── Data provided

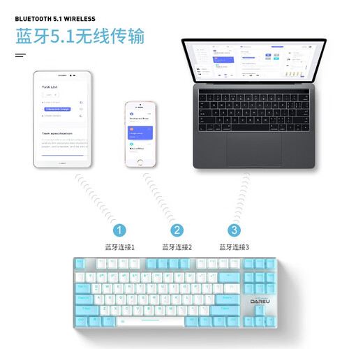 支持蓝牙5.1无线传输,稳定可靠,节省你的宝贵时间。严选机械轴体,快速响应低延迟,工作时光顺心更顺手。
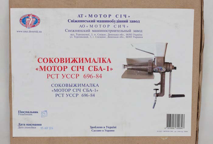 Соковыжималка ручная Мотор Сич СБА 1 (алюминиевая)
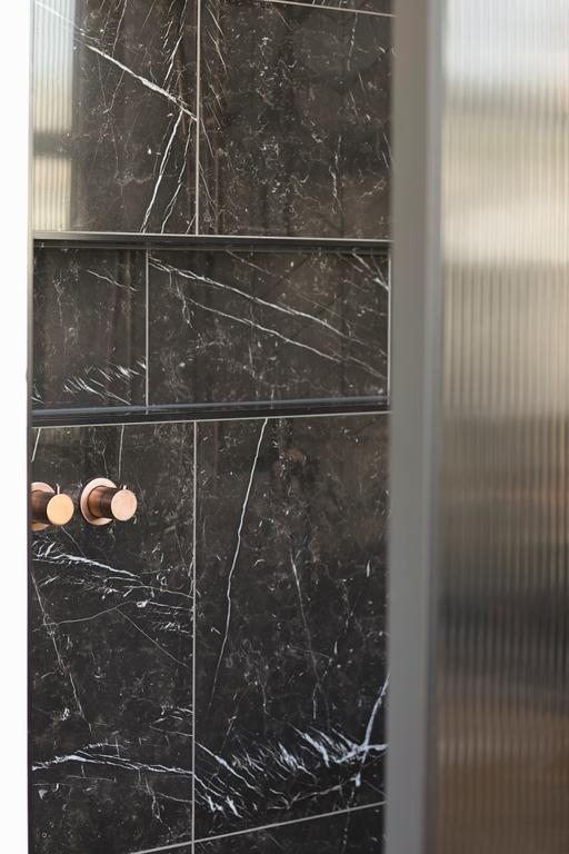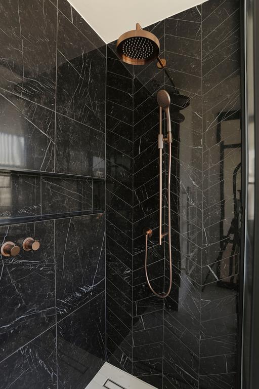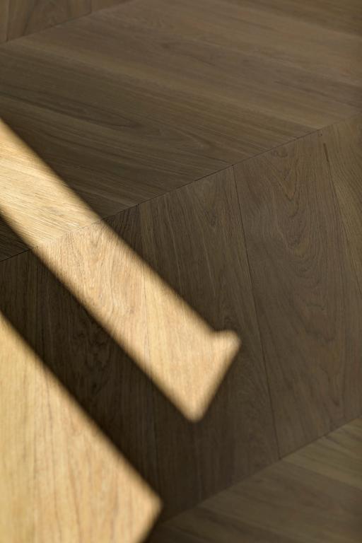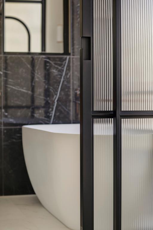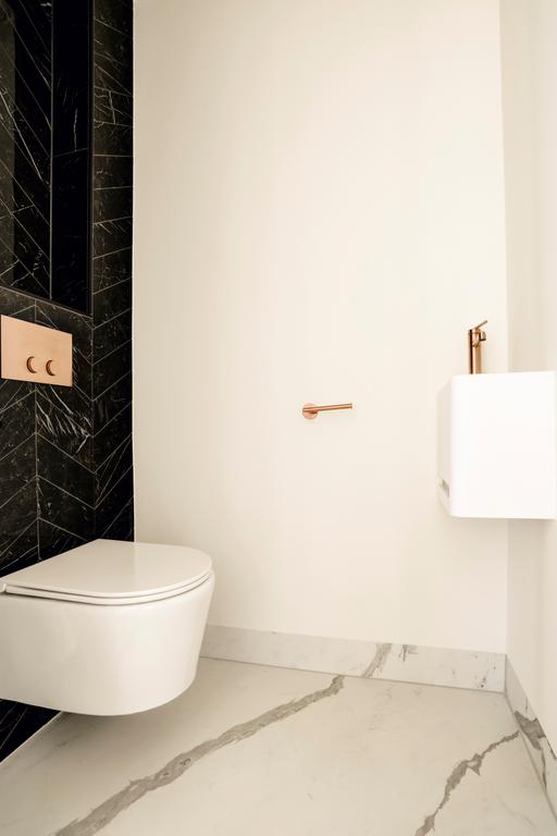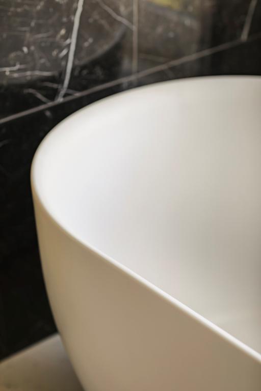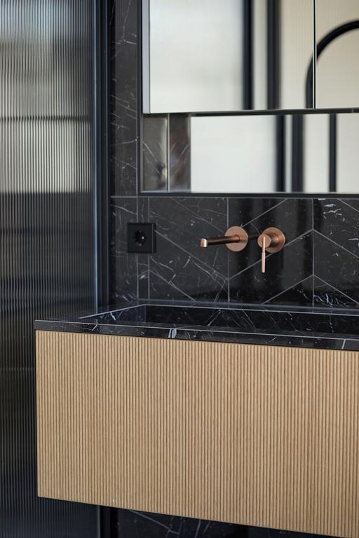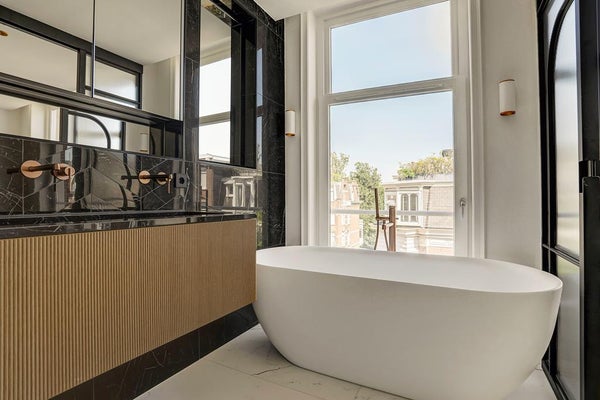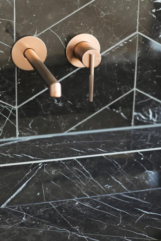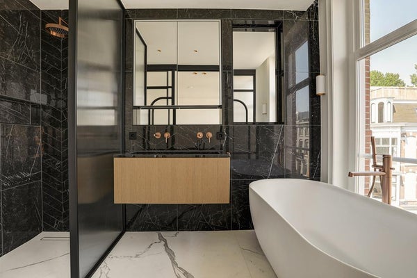 Alors que des teintes claires dominent dans l'appartement, des teintes plus foncées sont utilisées dans la salle de bain. Les murs de la douche et du lavabo sont recouverts de carreaux muraux sombres. En alternant ceux-ci avec un point hongrois et un lien croisé, un effet ludique se crée. Pour les autres murs et le sol, des carreaux en céramique blancs avec une veine grise claire ont été choisis, qui, avec les robinets en bronze, assurent une apparence chic. Le contraste clair-foncé est également présent dans le meuble lavabo : tiroirs en bois striés clairs et un plateau en marbre noir. La baignoire indépendante, la douche séparée et le double lavabo complètent l'ensemble.

────

- Task instructions
Pictures excluded, copy the lines exactly from where the material starts to the line with "Соковыжималка ручная Мотор", inclusive.

- Result of the task
 支持蓝牙5.1无线传输,稳定可靠,节省你的宝贵时间。严选机械轴体,快速响应低延迟,工作时光顺心更顺手。
 Соковыжималка ручная Мотор Сич СБА 1 (алюминиевая)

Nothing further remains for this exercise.